# walmart bait cast nets



## chilehead2 (Jun 20, 2006)

Has anyone tried any and are they any good, as in a flat circle or do they wind up with the horn and the first foot or so sticking up like a sombrero or witch's hat?

Just considering since the salesman caught me with a six ftr made up, lead line in mouth and ready to go by the bait frezzer.


----------



## inshoreangler95 (Jun 15, 2008)

Yea the 3"6" ones are like 16 bucks, pretty good price i would say i gotta get me one of those! i guess they couldnt be that bad. to me for some reason between one net and the other is size.


----------



## HQQK-EM (Jan 9, 2008)

*Cast Nets*

Go to your locally owned tackle shop and buy a Calusa or a Betts. 

Better built, longer lasting, and supports your LOCAL economy.

If you have trouble using a conventional net try a Fitec E-Z Throw with the aluminum ring part way down the horn.


----------



## AtlantaKing (Jul 7, 2002)

Just a FYI, the Calusas (both their main line and the Cracker line of nets) and Betts are made in China, as are the majority of the other cast nets out there. 

I try to stay away from the "retail" cast nets, as most of them are not all that great. I go to a commercial fishing supply house to buy mine; their nets are made right to open flat, and don't cost much more than a retail cast net.


----------



## stonemason (Aug 4, 2006)

where is a commercial fishing supply store, online or local?


----------



## surfchunker (Apr 10, 2006)

*walmart net*

I think the one I got was a betts 6' ... works fine for me ..... I can't afford to pay 100 bucks or more for a net


----------



## AtlantaKing (Jul 7, 2002)

I use two: Memphis Net and Twine and Brunson Net and Supply Company. They are local if you lived in Memphis, Tennessee, or Foley, Alabama  For everybody else, they do mail/online ordering too.


----------



## sprtsracer (Apr 27, 2005)

AtlantaKing said:


> I use two: Memphis Net and Twine and Brunson Net and Supply Company. They are local if you lived in Memphis, Tennessee, or Foley, Alabama  For everybody else, they do mail/online ordering too.


Do they have websites or emails to order a catalog/price list?

Duhhhhhh...never mind. I Googled them and they both have websites.


----------



## JFord56 (Feb 5, 2008)

My first net for shrimp baiting season was a Walmart net. Was a "Hurricane" made by SouthBend. Was a good net and throws as good as my 8' Betts Blue. It's several years old with a few mends in it and still good. Was a 5'x1/2.

Unless I was a guide or had some serious bait needs I would not buy a high dollar bait net. Inshore you never know when you will hoop a pile of oysters or such. About 1/3-1/4 the price of a top shelf net.

Nothing throws as good as a 5 panel net but, it will cost you. BTW You can still throw a taco with a Calusa if you do it wrong.


----------



## Southern Man (Oct 28, 2007)

JFord56 said:


> My first net for shrimp baiting season was a Walmart net. Was a "Hurricane" made by SouthBend. Was a good net and throws as good as my 8' Betts Blue. It's several years old with a few mends in it and still good. Was a 5'x1/2.
> 
> Unless I was a guide or had some serious bait needs *I would not buy a high dollar bait net.

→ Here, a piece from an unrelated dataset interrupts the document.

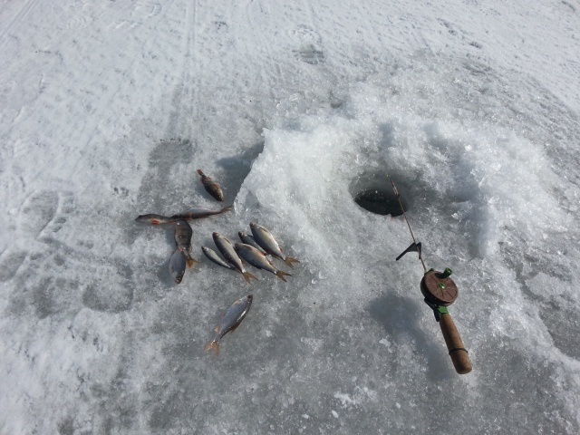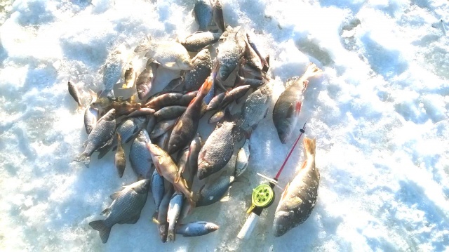 Вот здесь то и оторвались по чебаку,жаль,что с основном-мелковат.Иногда покрупнее попадался.Весь народ,в основном,тоже к обеду переместился ближе к выходу со льда к стоянке и развлекался ловлей чебачка и лаврушки.Изредка проскакивали экземпляры покрупнее,но это изредка и у немногих счастливчиков.

Inshore you never know when you will hoop a pile of oysters or such.* About 1/3-1/4 the price of a top shelf net.
> 
> Nothing throws as good as a 5 panel net but, it will cost you. BTW You can still throw a taco with a Calusa if you do it wrong.


Yea buddy.


----------



## Cdog (Mar 18, 2002)

I bought a 4' net from KMart in 2000 for $19 that put plenty of bait in the cooler till I hung it on some rocks last fall.

Went to my local B&T and plunked down $60 on a nice net.

Now I'm afraid to throw it anywhere that I don't know whats on the bottom because I don't want to lose the net.

So I went and got a Wally World net for $12 that I will use now in those situations.


----------



## Fish'n Phil (Nov 11, 2002)

I've had my Wally World Net for about 7 years and it still works fine. I soak it in tap water in a bucket after every use. A small net is nice if you have to walk a long distance and don't want to lug around a lot of lead.


----------



## Digger (Jan 4, 2000)

Cdog said:


> I bought a 4' net from KMart in 2000 for $19 that put plenty of bait in the cooler till I hung it on some rocks last fall.
> 
> Went to my local B&T and plunked down $60 on a nice net.
> 
> ...



I have torn up many a net tossing near rocks and such. If I worked from a boat and open water then it is time for the big boys. Or if I only tossed from the decks of a pier, that would be cool too. But chasing mullet in the creeks I just don't know when I'm not getting it all back. So I toss the cheapes and keep a couple with the Fitec rings (there is a reason).


----------



## jcreamer (Mar 6, 2001)

I use a walmart net also.

A little off subject but crazy

On the NB pier I was showing one of the fishemen there how I throw the net.( Nothing great but I do get it out there.) one of the beach there came by and insisted that we quit as we were fishing with a net. We argued and he said that fishing with nets even for bait was not allowed on the pier. According to them it is still fishing. I told him that 
1. He was full of it and we were just looking for bait fish.

Sorry if I stole the thread but this is along the same lines.

JC


----------



## MacPE6 (Feb 28, 2006)

You get what you pay for. 

Most of the cheaper nets are not built very well. They usually don't use panels which open better. 

If you plan to get in some rocks and orsters then they are great. 

IMHO. 

I have one that I take out with me in my kayak to catch bait as I go as needed. 

I have three different nets depending on the conditions.


----------



## chilehead2 (Jun 20, 2006)

*Cast nets*

I appreciate every on's reply. Don't stop though.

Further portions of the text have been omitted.